Nucleic acid (NA) sensors are part of the innate immune system. they can recognize multiple forms of intracellular self and nonself RNA and DNA macromolecules. Besides, the activation of NA sensors initiates signal transduction pathways. In humans, there exist four endosomal TLRs: TLR3, 7, 8, and 9.
The endosomal TLRs detect viral and endogenous double-stranded RNA (dsRNA; TLR3), single-stranded RNA (ssRNA; TLR7/8), and unmethylated CpG sequences in DNA (TLR9). Whatmore, TLR7 and TLR8 have the sequence and function. Both of them can mount an immune response by detecting and responding to degraded ssRNA products from bacteria and viruses.

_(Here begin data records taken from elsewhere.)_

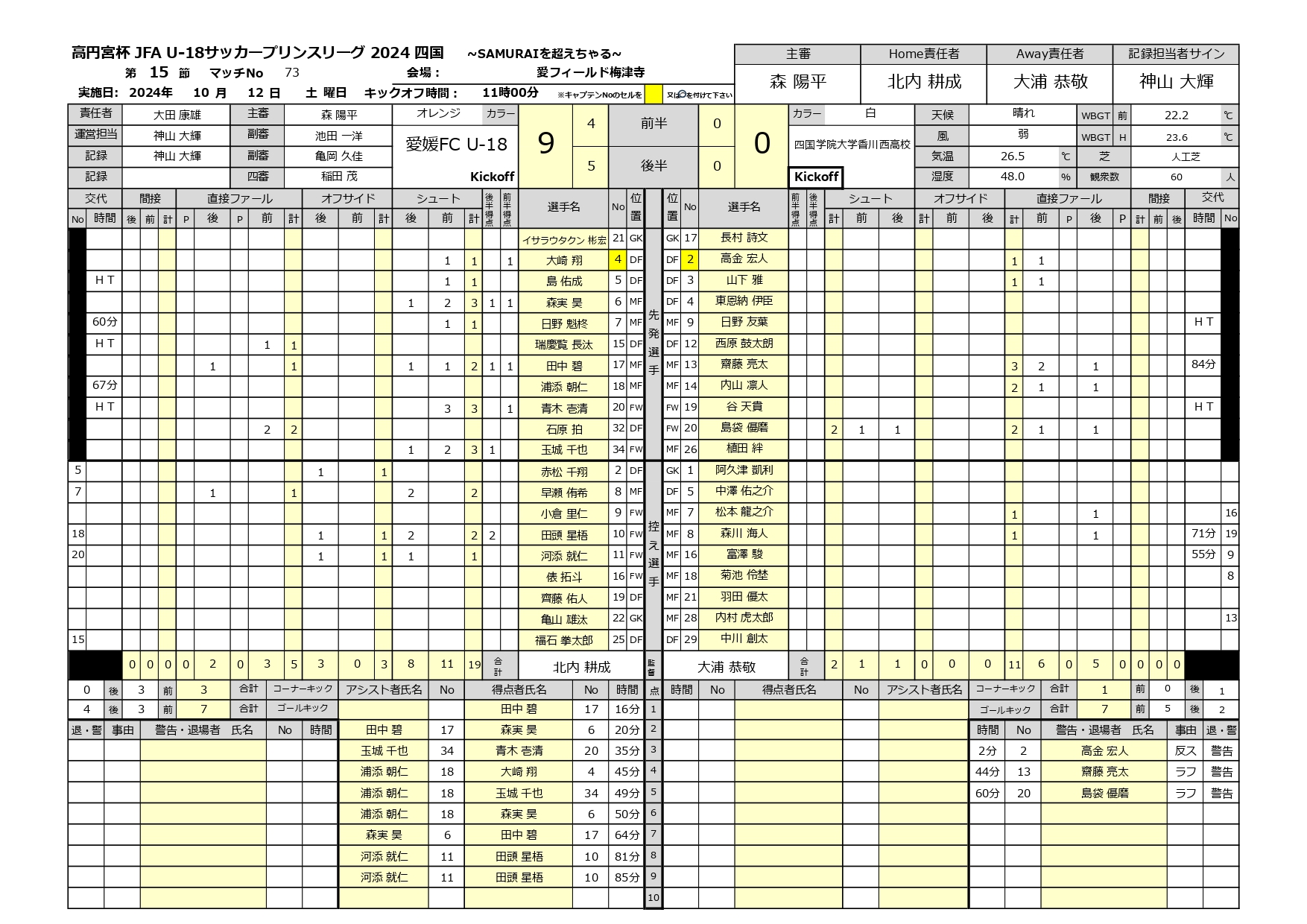 2024年 第15節 愛媛FC U-18 vs 四国学院大学香川西高校 未分類 2024.10.12 2024年 愛媛FC U-18 2024年 四国学院大学香川西高校 第15節_愛媛FCU-18対四国学院大学香川西高校_メンバー表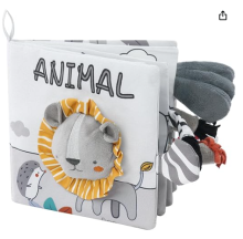 Vicloon Livre en tissu doux pour la 1ère année de bébé avec queues d’animaux en 3D, bruits de froissement, livre de bain tactile pour le développement précoce des sens (version anglaise)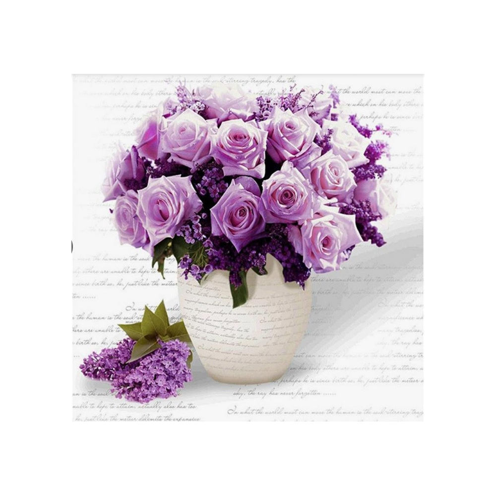 Diamantové malování - Růže v kamenné váze - č. 795 40x50 cm
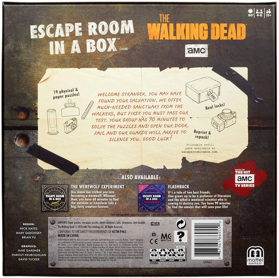 Escape Room in a Box: The Walking Dead puts you and your friends into the dangerous world of AMC’s The Walking Dead TV show. You and up to seven other players have 90 minutes to solve puzzles, crack codes, and unlock real, physical locks in order to finally open the giant locked door, gain access to the community, and win the game.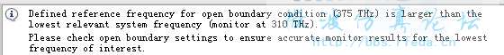 用open以及open add space边界条件的时候请注意,这种边界条件默认的只适用于中心频率,如果自定义非中心频率的monitor,请在边界条件设置框里有专门针对open边界的特殊设置,将里面改成center and monitors 就不会出现上面的警告了。

In this article, we will introduce a potent TLR8 antagonist, CU-115 (IC50=1.04 µM).
In endosomal and non-endosomal TLR specificity studies, Human embryonic kidney (HEK) 293 cells expresses the human toll-like receptor (hTLR) gene. Additionally, it also expresses inducible secreted embryonic alkaline phosphatase (SEAP) reporter gene. After 16-hours’ incubation, CU-115 displays activity for TLR7 and TLR8 at low concentrations (0.5 μM).

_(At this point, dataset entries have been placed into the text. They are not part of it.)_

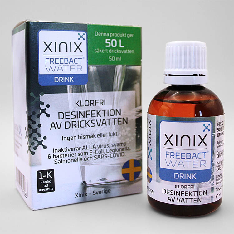 Xinix vattenrenare FreeBact Water gör osäkert vatten säkrare att dricka på bara en minut. Med några få droppar inaktiveras bakterier, virus och svamp i vatten från till exempel bäckar, sjöar eller kranar i områden där vattenkvaliteten är osäker. Behandlingen tar cirka en minut och är helt klorfri, vilket gör att vattnets naturliga smak bevaras.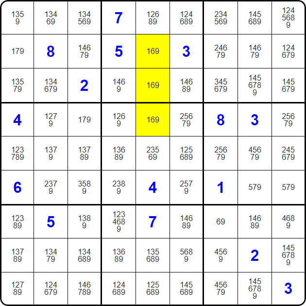 None of the marked cells here can have a 1, a 6, or a 9. We can remove those hints.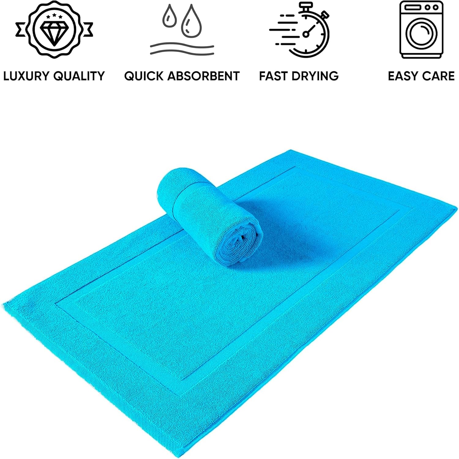 - ✔️ ULTRA-ABSORBENT FOR A DRY, SAFE FLOOR: Engineered to absorb water instantly upon contact, these mats keep your bathroom floor dry and clean. The superior breathability of Turkish cotton allows them to dry much faster than synthetic mats, helping to prevent mildew. The dense cotton weave provides a secure and stable footing on dry floors.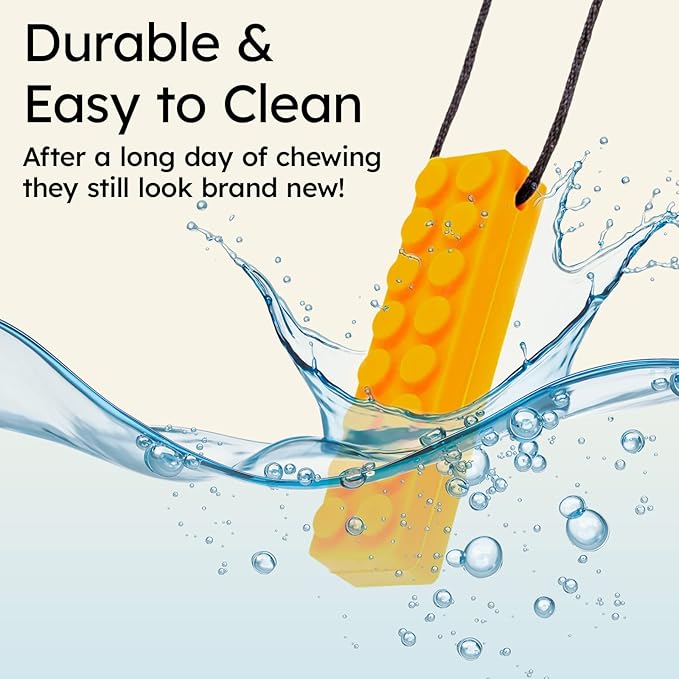 • Extra Bonus cord + Clasp Included – Each chew tool comes with a cord and breakaway clasp for safety purposes. Additionally, each pack of 3 comes with an additional cord and clasp in case one of the cords is accidentally broken. Cord and Clasp are not for chewing, children should be reminded to chew only on the Silicone brick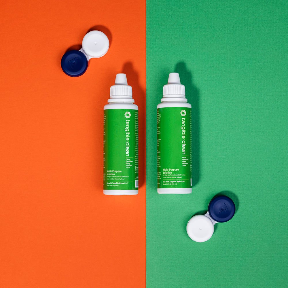 Tangible Clean can be used to clean, disinfect, condition, rinse, and store your lenses.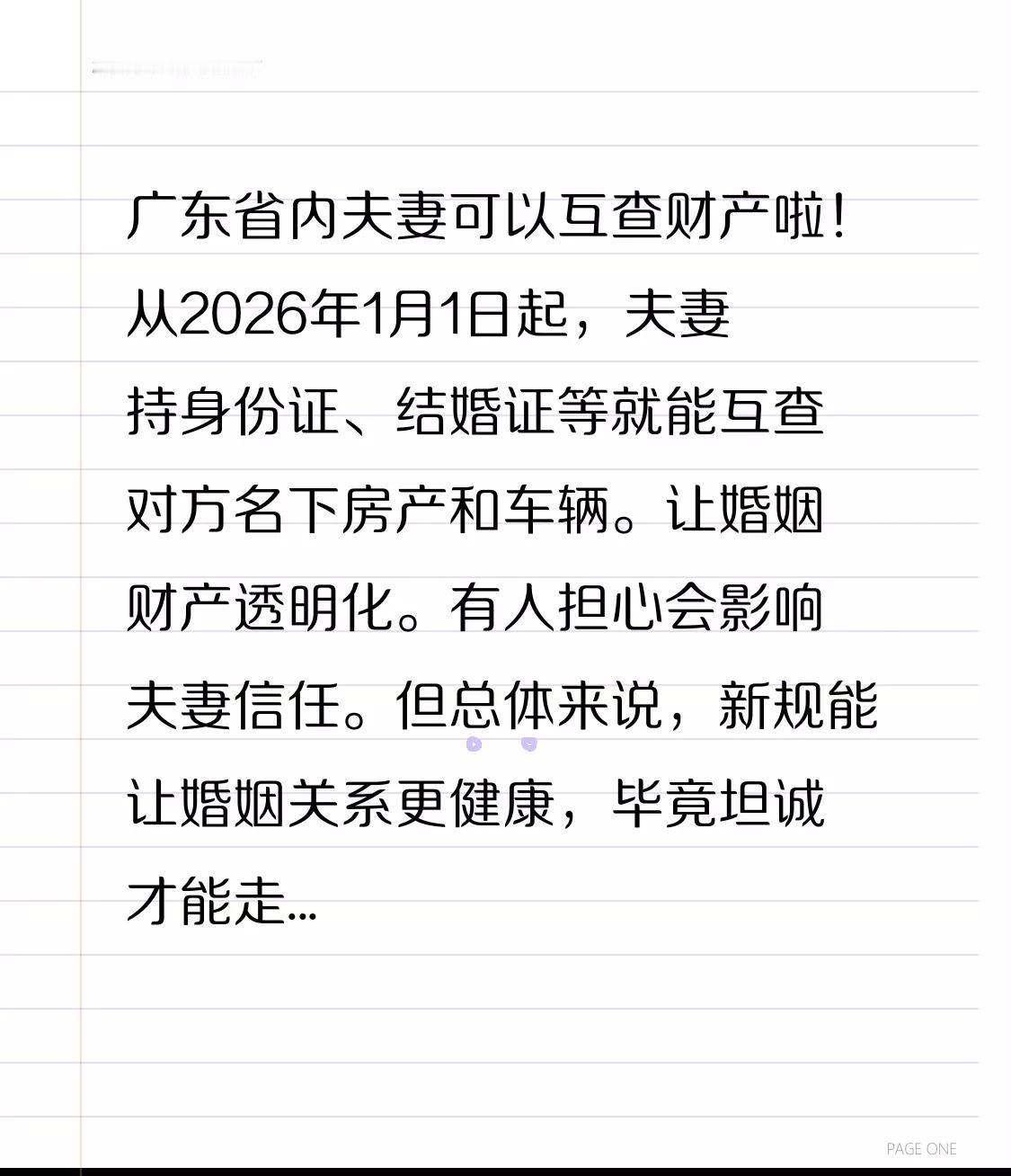 广东省内夫妻可以互查财产啦!从2026年1月1日起,夫妻持身份证、结婚证等就能互查对方名下房产和车辆。让婚姻财产透明化。有人担心会影响夫妻信任。但总体来说,新规能让婚姻关系更健康,毕竟坦诚才能走得长远嘛。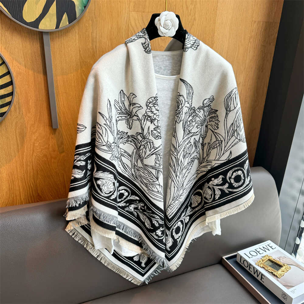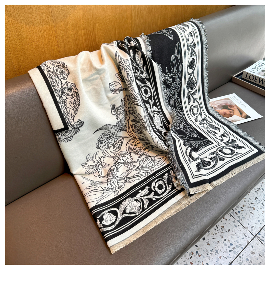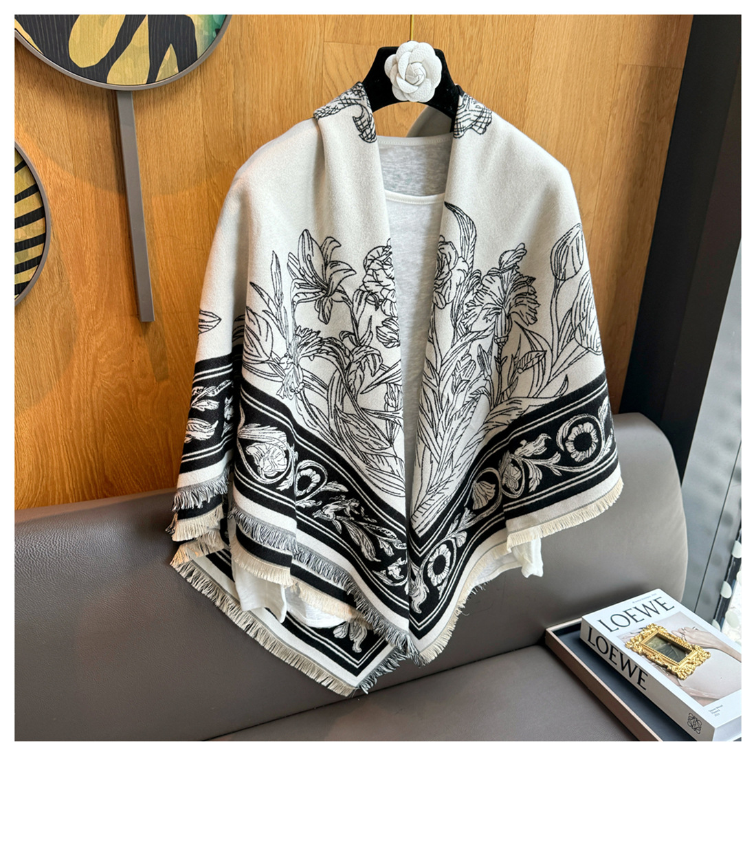 黑白双面可戴高级感大方巾女冬季新款加厚保暖披肩围脖仿羊绒围巾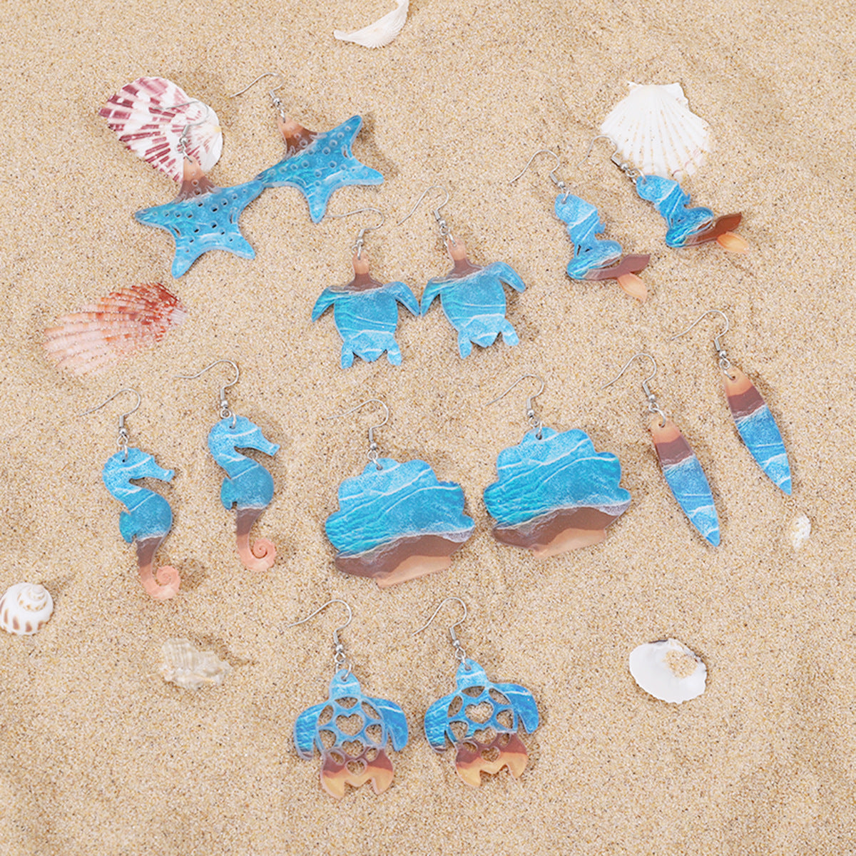 Wholesale Bohemian Wave Starfish Turtle Shell Seahorse Pendant Acrylic Earrings

CU-115 does not modulate the NF-kB inhibition induced by Pam2CSK4, Pam3CSK4, Poly(I: C), LPS, R848, and Flic in HEK-293 TLR1/2, TLR2/6, TLR3, and TLR4 cells. However, CU-115 inhibits TLR9 signaling at 1, 5, and 20 µM and ~10-25% inhibition.
in a luciferase reporter assay, after an introduction of ssRNA nucleic acid ligands 3p-hpRNA or G3-YSD. CU-115 (5-20 µM) inhibits increases in type I IFN transcriptional activity.
CU-115 is nontoxic at low concentrations at 0.5-20 µM. Additionally, it toxic at 100 μM in Hek293 TLR7 and TLR8 cells. Besides, CU-115 also is nontoxic at low concentrations (0.5 and 20 μM) and displays partial toxicity at 100 μM in THP Dual cells.
The enzyme-linked immunosorbent assay (ELISA) is performed to measure the upregulation/inhibition of TNF-α in human THP-1 cells (hTHP-1). CU-115 (5-20 µM) abolishes the R848-induced TNF-α production activated in hTHP1. It also represses the expression of IL-1β in hTHP-1 cells. These results suggest that CU-115 suppresses TLR8 and TLR7 signaling pathways.
In conclusion, as a potent TLR8 antagonist, CU-115 shows selective for TLR8 over TLR7 (IC50=>50 µM). And the compound decreases TNF-α and IL-1β production activated by R-848 in THP-1 cells.